By Dr. Jill Bolte Taylor

When I respond to people whose loved ones have recently had a stroke, often my first words are that it is critically important that friends and caregivers don’t “freak out” for at least six weeks after the stroke. Traumatized brain cells don’t function normally, leaving that person perhaps unable to speak or understand you when you give them simple verbal commands such as “squeeze my finger. “The stroke survivor might not be able to identify the boundaries of their body or know the position of their limbs.

Because of my stroke, I had become a wounded animal and I needed people to come close, speak slowly and clearly to me. I needed them to bring me a soft, gentle energy and limit the length of their visits so my energy was replenished rather than depleted. It was important that those around me knew that raising their voice did not help me understand what they were saying. I was not deaf, but simply unable to comprehend verbal language. When people around me did raise their voice, I did not feel safe in their care.

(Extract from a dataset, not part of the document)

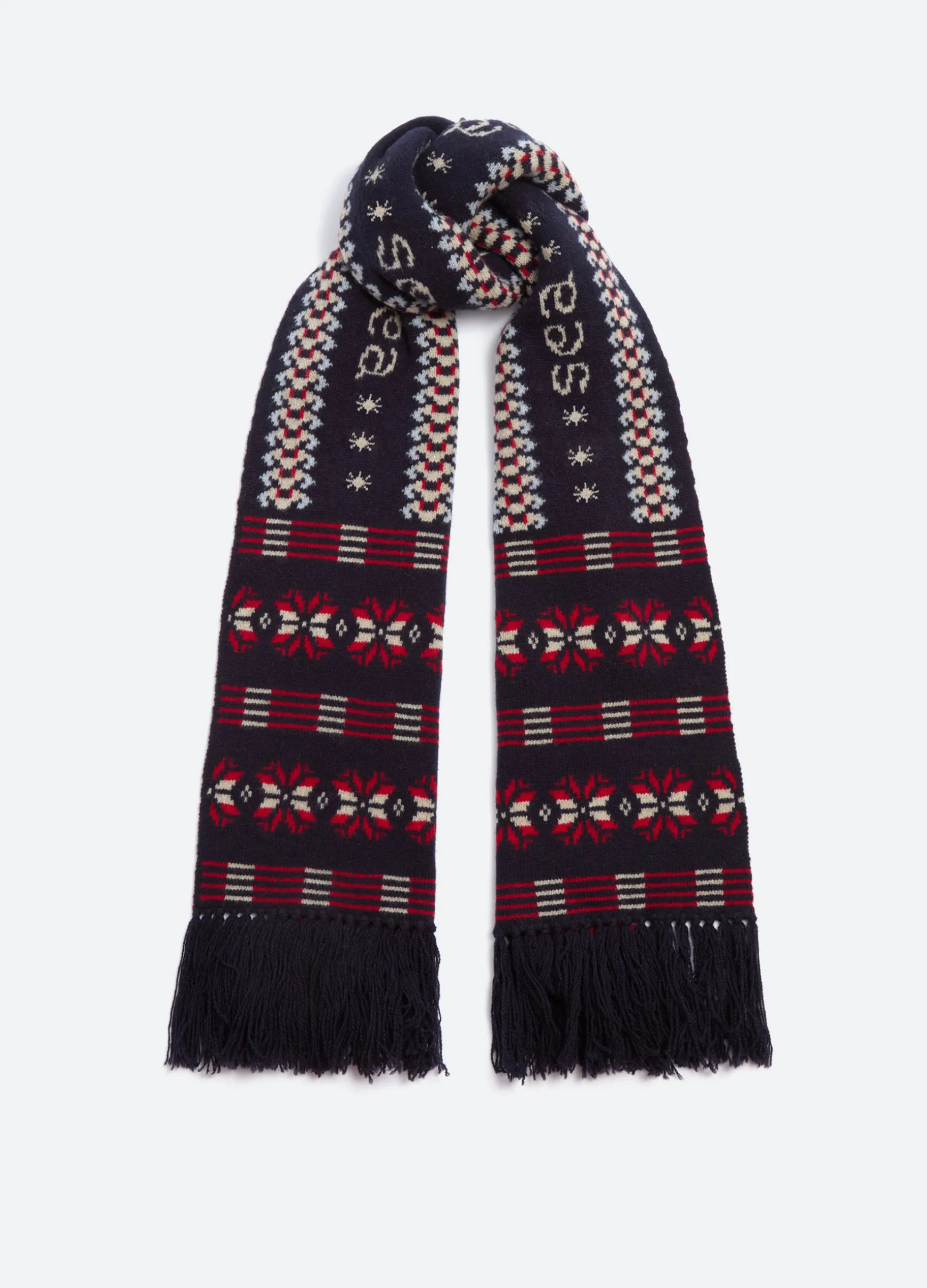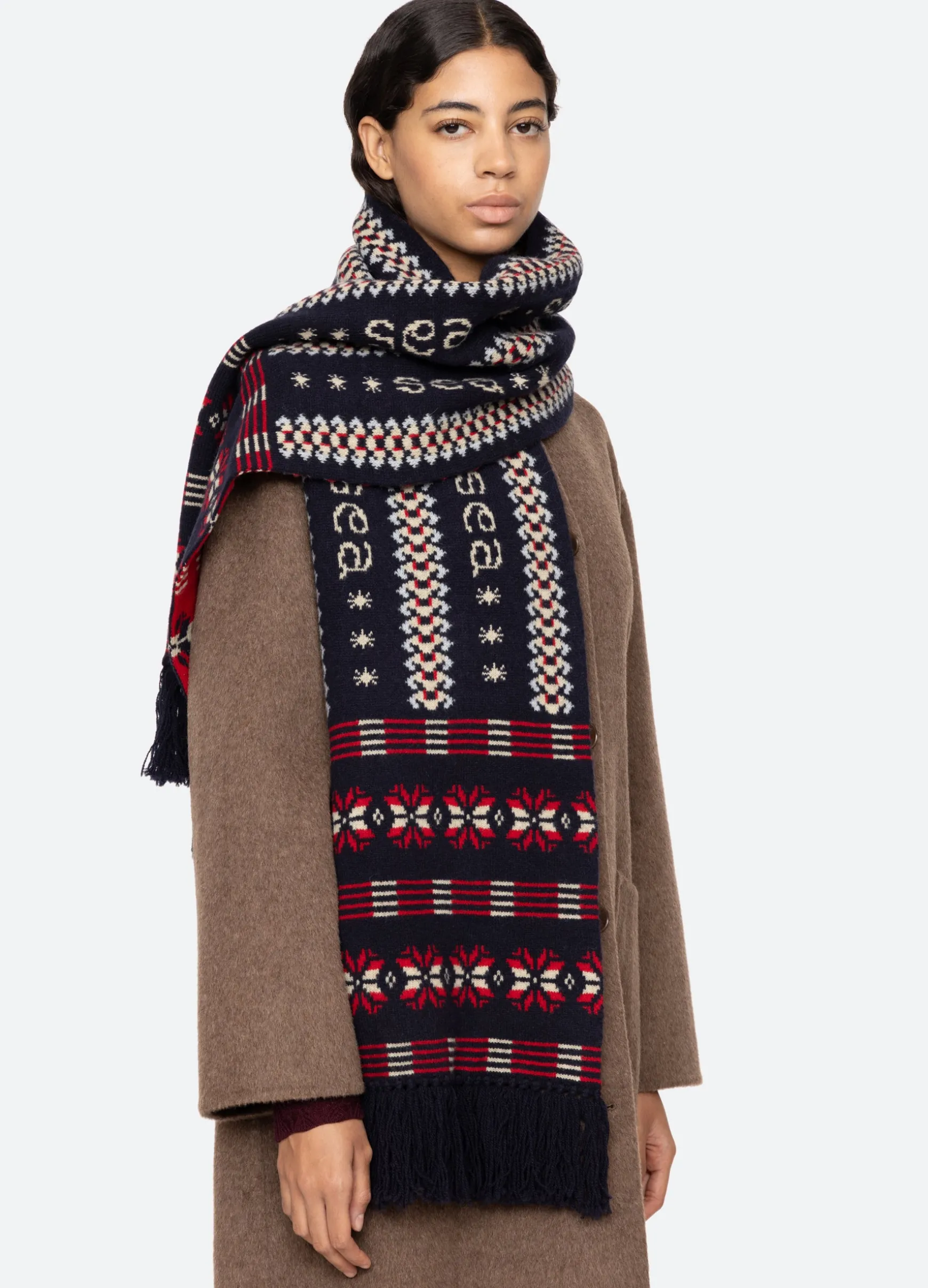 An online and in store exclusive. The Ayla scarf features a fair isle knit, fringe edges and ‘Sea’ logo.

It is important that caregivers give the stroke survivor’s brain enough time for the swelling to go down and become normal. It can be weeks, months or years before anyone will have any idea about how much function a survivor can regain.

It was important for my friends and colleagues to treat me as though I was a stroke survi­vor rather than a stroke victim. By treating me like a survivor, people let me know that I had already accomplished something important and it encouraged me to take the next step toward recovery. When I was treated like a victim, I felt a negative energy that limited my efforts. Please don’t ever assume that the stroke survivor is not sensitive to your emotional state.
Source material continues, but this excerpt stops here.